-- Prompt --
Return, word for word, only the lines of the data below that lie between the line with "Палестинські хлопчики тримають" and the line with "We start by", those two lines included.

-- Provided information --

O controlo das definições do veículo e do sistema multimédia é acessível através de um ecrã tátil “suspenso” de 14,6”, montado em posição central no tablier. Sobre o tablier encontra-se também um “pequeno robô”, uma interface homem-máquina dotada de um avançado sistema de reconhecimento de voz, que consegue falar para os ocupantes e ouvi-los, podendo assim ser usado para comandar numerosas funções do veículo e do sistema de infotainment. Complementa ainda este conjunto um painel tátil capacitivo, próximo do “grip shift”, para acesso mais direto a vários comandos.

---

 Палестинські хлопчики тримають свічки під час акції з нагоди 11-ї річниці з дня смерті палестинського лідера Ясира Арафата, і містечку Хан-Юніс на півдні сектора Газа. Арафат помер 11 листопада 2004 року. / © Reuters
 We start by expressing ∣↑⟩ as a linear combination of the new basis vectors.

-- Expected output --
 Палестинські хлопчики тримають свічки під час акції з нагоди 11-ї річниці з дня смерті палестинського лідера Ясира Арафата, і містечку Хан-Юніс на півдні сектора Газа. Арафат помер 11 листопада 2004 року. / © Reuters
 We start by expressing ∣↑⟩ as a linear combination of the new basis vectors.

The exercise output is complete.